What to look for in a workhorse PC
August 28, 2018 11:41 AM   Subscribe

Our department is going to get a new desktop PC that we'll use to run simulation studies, to do some machine learning (latent Dirichlet allocation and random forests, primarily), and to solve some optimization problems. What should specs should we consider?

I work in a small department of four psychometricians and one data analyst at a medical licensure/certification organization. With some frequency we undertake tasks that are computationally demanding, especially for our work-issued laptops. For instance, when we build exams, our laptops may run for some time solving that optimization problem. My research focuses on topic modeling, and fitting those models + cross validation can take hours, even when taking advantage of parallel processing.

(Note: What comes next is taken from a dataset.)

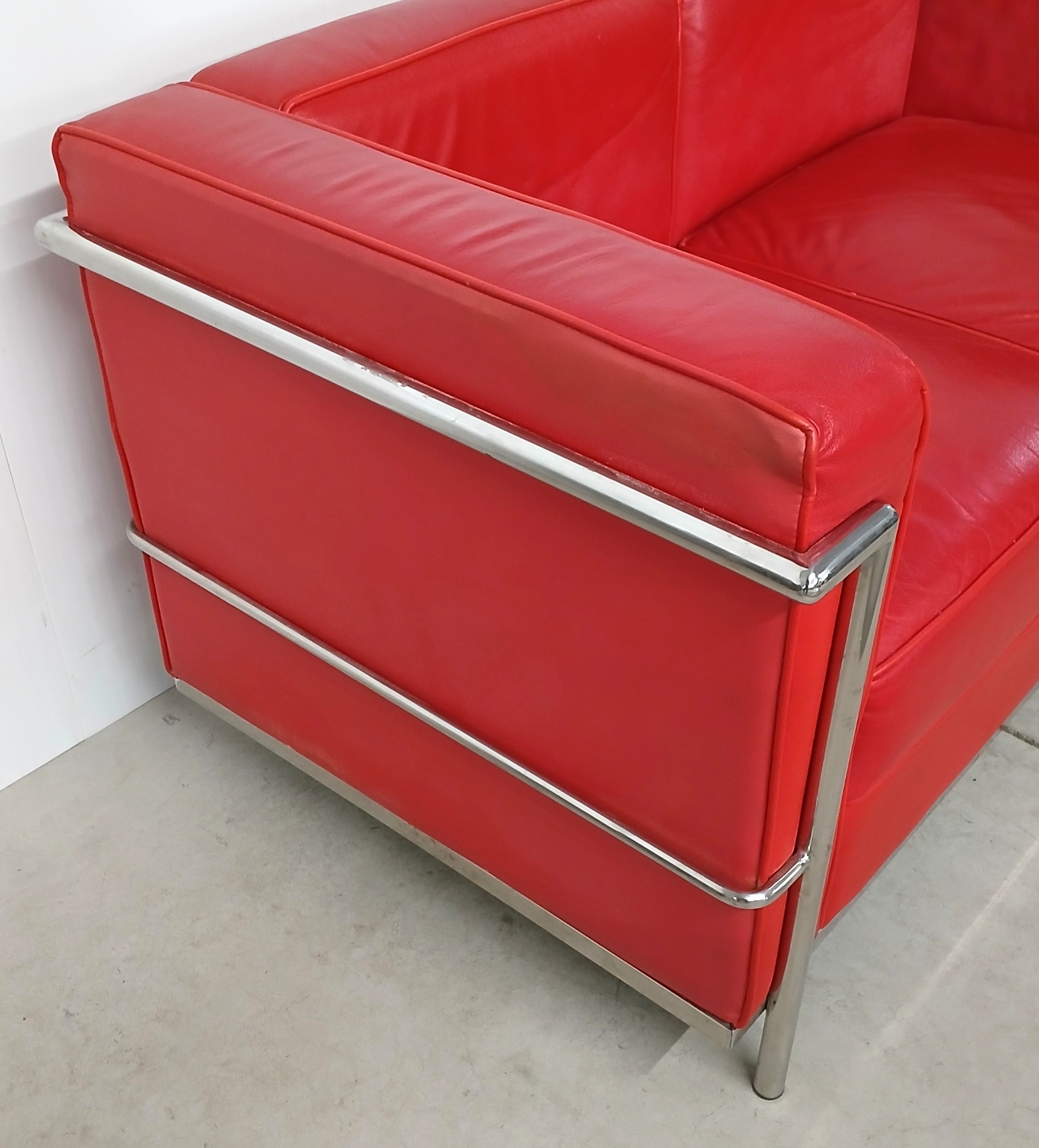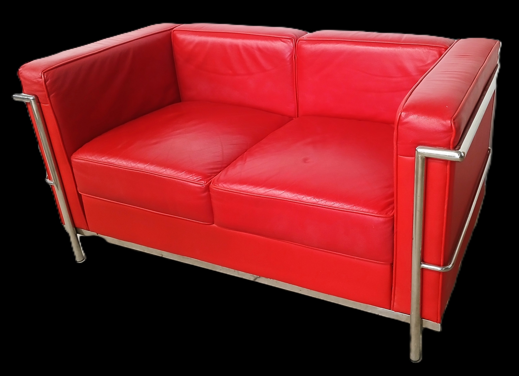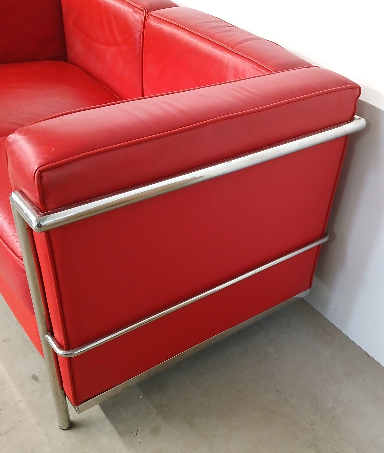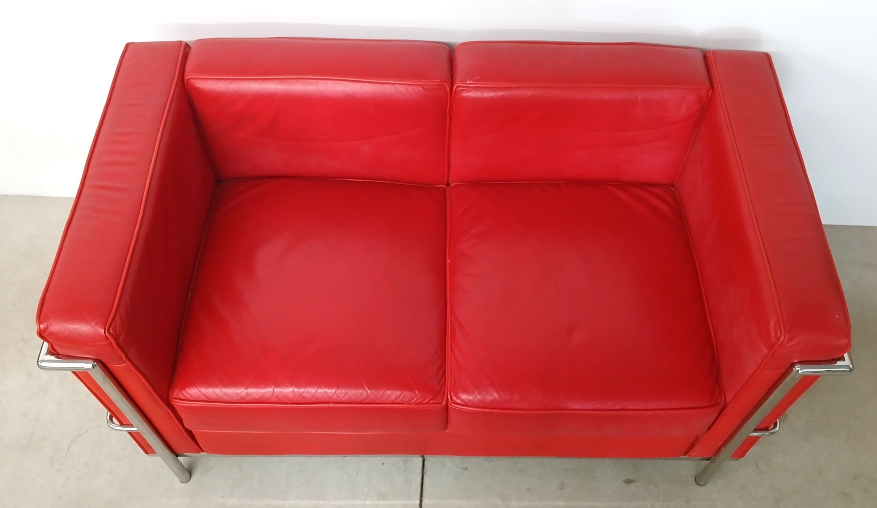 Lot 180A LEATHER LE CORBUSIER LC2 STYLE LOVESEAT SOFA - CIRCA 1970's

Finally, we run semi-frequent simulation studies that are especially resource intensive. We program a lot (R & SAS), but we are not programmers, and none of us are especially hardware savvy.

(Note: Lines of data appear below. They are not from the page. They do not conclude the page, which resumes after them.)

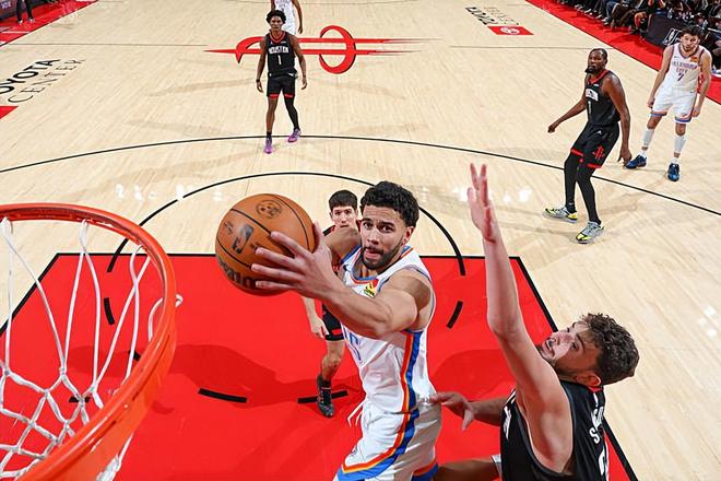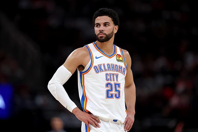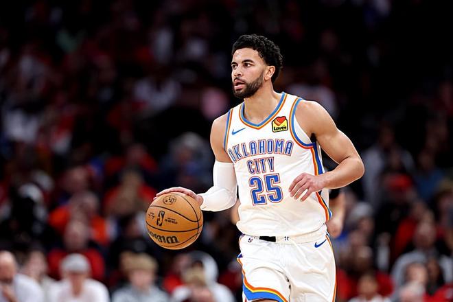本场比赛中,雷霆的替补后场新星阿杰-米切尔(Ajay Mitchell)的表现令人大跌眼镜。米切尔全场出场22分56秒,投篮10中7,三分线外4中3,得到了17分5篮板3助攻1抢断1盖帽的数据,还有1次失误,正负值为+9。米切尔在进攻端还是展现出了全面的得分能力,他的持球进攻能力和突破能力都相当不错,他也是展现出了不俗的传球能力和组织能力,他也是具备一定的支配球能力的。米切尔在防守端的表现同样是可圈可点的,同样是展现出了很强的个人防守能力。米切尔在本场比赛中又一次很好地扮演了后场大闸的角色,在场上的效果非常突出。雷霆能够比较顺利地取得这样一场大胜,也和米切尔的出色表现密切相关。
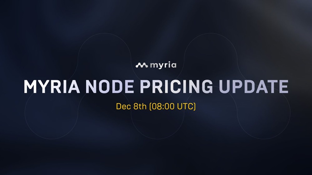 Myria has announced a change in the pricing of its node licenses. This change, which is set to take effect from December 8, is in response to the increased demand experienced over the past months. The base price of a Myria Node will see an increase, and the pricing mechanism will shift from an exponential to a linear ramp.
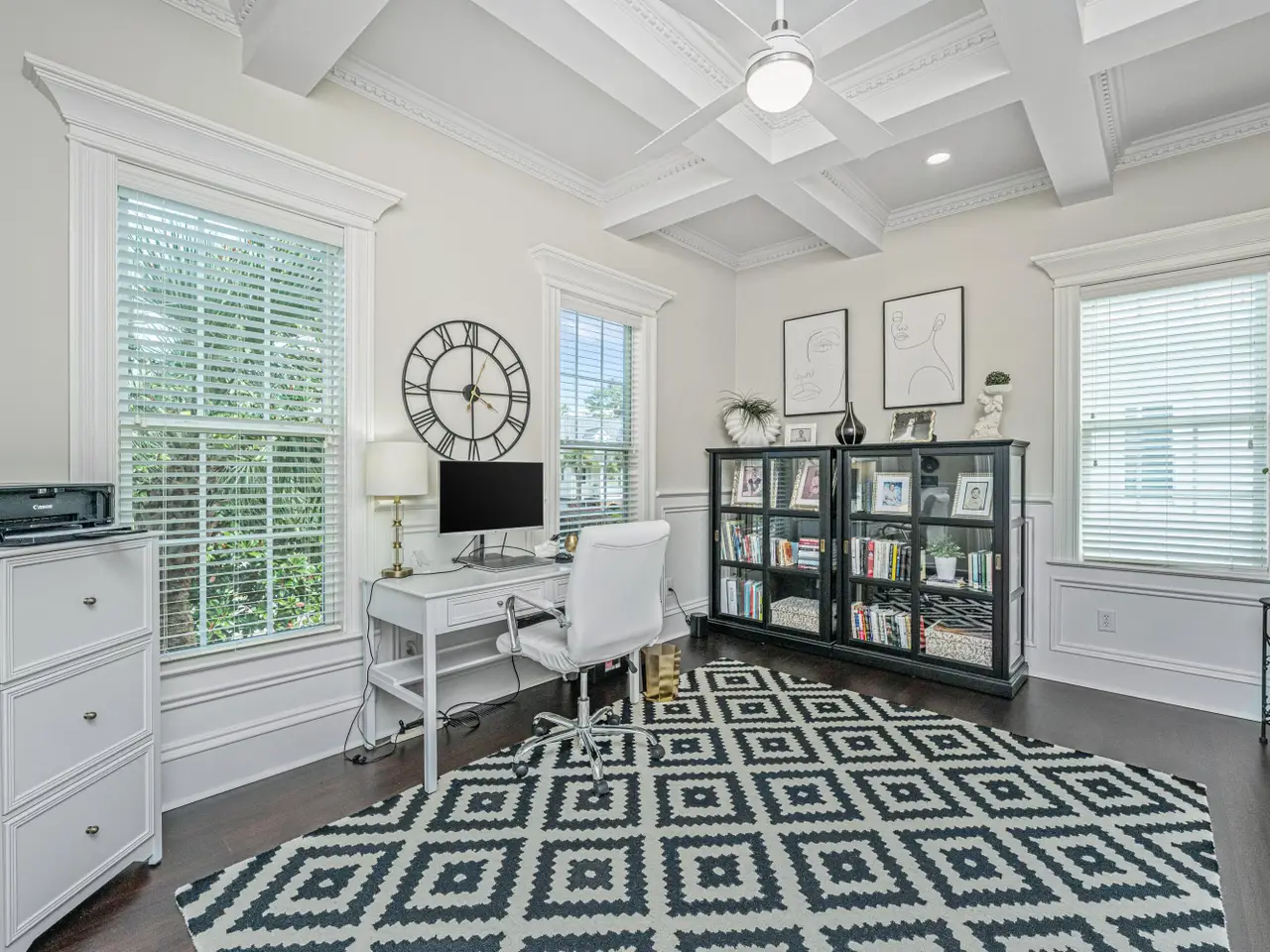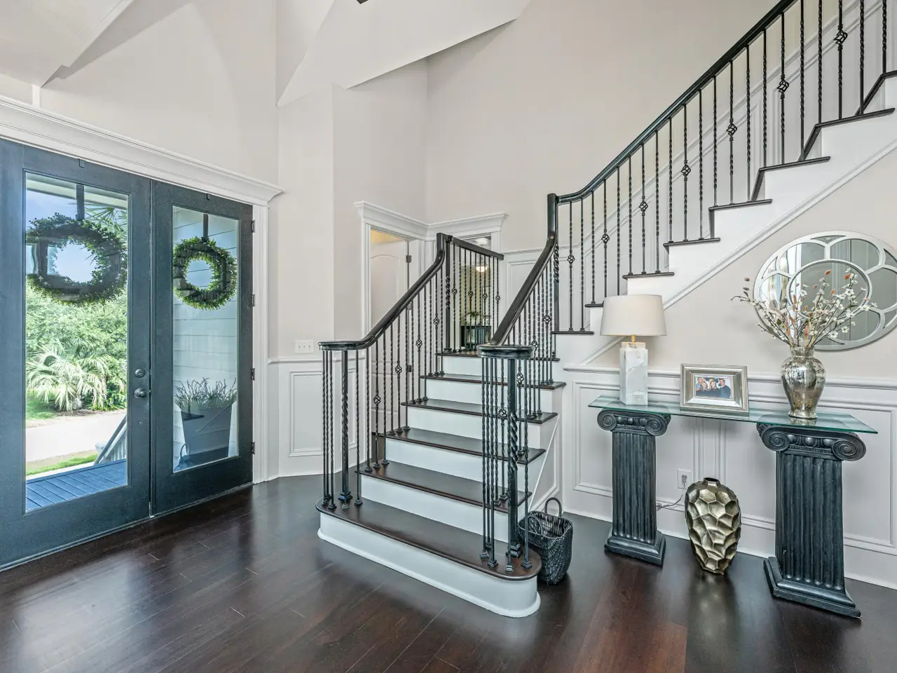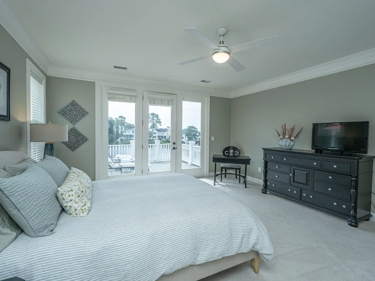French doors and trimmed windows
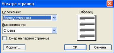 1. выполнить команду Вставка / Номера страниц. Открывается окно диалога Номера страниц изображенного на рисунке 25;
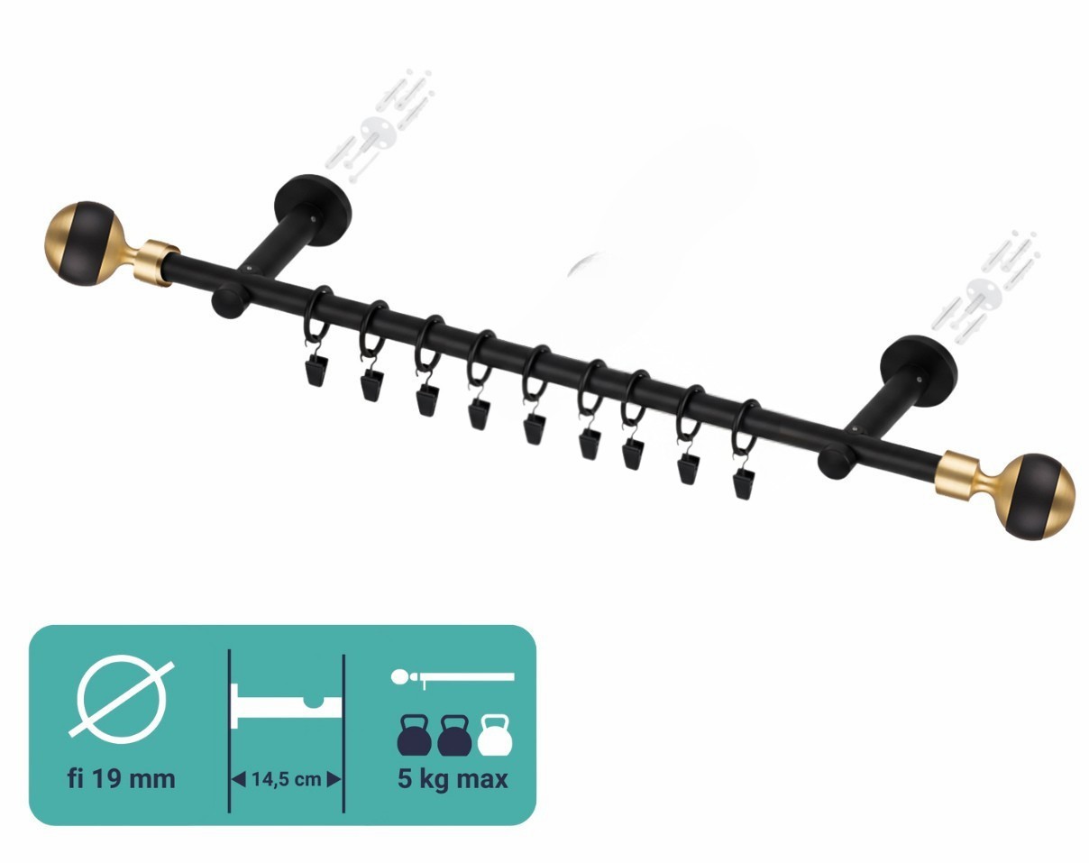 Karnisz pojedynczy fi 19 czarny mat KULA MIX

For the time being, cloud computing services are not an option. We have, however, gotten approval to get a dedicated desktop PC. Our IT department will aquire the PC, but we will have considerable input on the specifications.

What should we consider as we put our request together for IT?
posted by kortez to Computers & Internet (9 answers total) 4 users marked this as a favorite
Hi! IT guy at a university here. Couple questions: does your university have a high-performance computing cluster? HPC they call it sometimes. This is a service that some large R1 places have that is intended to support exactly these kinds of needs. If not, you can also look at Open Science Grid, that might also help you get there.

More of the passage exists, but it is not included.